She watched Mr. Wyck's face.

“Got it?” Mr. Wyck said, taking the joint from Allegra. “Get it?”

“Like, follow your heart?” Molly tried.

“Yeah, sort of, sweetheart.” Mr. Wyck lifted his glass at her and winked. “The Weathermen,” he went on, “they haven't killed anyone. Their violence is directed at the establishment, not at individuals.”

“The real violence is done when nothing is done,” Alice said, and Mr. Wyck looked at her, his eyebrows raised. “I mean,” she said, “isn't that their thesis?”

“Where did you hear that?” Mr. Wyck asked.

“I read it. I guess in the
Times
,” Alice said. She was fascinated by the Weathermen. They went where no one else could. They were quick and invisible, a revolutionary shadow. They'd freed Timothy Leary from prison, blown up part of the Capitol. When Bernardine Dohrn spoke, ­everyone listened. She was just a girl like Alice, which had mystified Alice at first, that they let her speak for them, but then the magic of it came to her: a fearless woman, a revolutionary child. What was more serious than that—was anything more frightening? She was the sane and intelligent version of Squeaky Fromme. Dohrn and Ayers were still in hiding, but it was rumored that the group couldn't hold out much longer. “You
know
them?” she said to Mr. Wyck.

“They've been here,” he said. “Sitting where you're sitting.”

“Here?” she said, smiling, grasping the sides of her chair. “Did Dohrn or Ayers sit
here
?”

“Sure,” Mr. Wyck said. “I'll take you upstate with me one day. They're forming a new group up there. You'll see. Something more radical.”

“Dohrn and Ayers?” she asked, but Mr. Wyck shrugged.

“I'm not at liberty, baby,” he said. “My lips are sealed.”

Alice was agitated. She hardly listened as Mr. Wyck began another story—something about being
this close
to Mick Jagger at a bar in San Fran. It seemed to Alice that the good things had already happened and that the dreamers were all already dead.

“Take us to Greenwich Village, Mr. Wyck,” Stover said.

“That's all over, that scene. People go to the East Village now, but you wouldn't catch me there,” Allegra said. “No way. It's all different. Junkies. People getting shot. You don't want to go into the city these days. It's best to stay out here where you can be free and real.”
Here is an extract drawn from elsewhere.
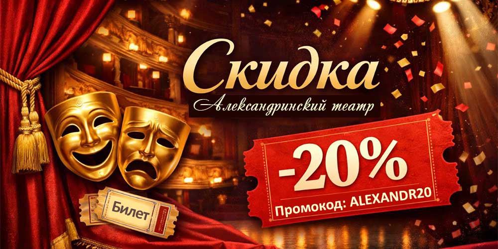 В рамках акции билеты в Александринский театр на избранные мероприятия можно приобрести со скидкой 20% по промокоду «ALEXANDR20»

“I could take you,” Mr. Wyck said. “Someday. Allegra,” he said, turning towards her, “you never have to go back, baby.”

“He found me there,” Allegra said. “Strung out on junk. He brought me here. He just scooped me up and carried me out. I was living like a rat, like a sewer rat.” Her chair scraped loudly against the wooden floor as she rose. Mr. Wyck shook his head and stood up to go after her. Alice could hear them quietly talking in the kitchen.

“How about you?” Molly turned to Lee. “How did you end up here?”

“Oh,” Lee said. “Yeah, I can't talk about that right now.” He looked at Trina, who turned towards him and took his hands in hers.

“When it's time,” she said, “Mr. Wyck will tell you everything.”

There were mysteries. People came and went. Some used their real names and some you knew by their monikers: Big John and Lady Linda, Schizz, Tuna, Mr. Grooves. Mr. Wyck knew so many people. When Alice, Molly, and Stover showed up, a party might already be going. It wasn't unusual to meet people one day and have them gone the next. Cars and motorcycles in the front yard, new faces inside, Lady Linda laughing on the front porch when Stover bowed to her and Molly curtsied, her belly jiggling beneath the hem of her halter top.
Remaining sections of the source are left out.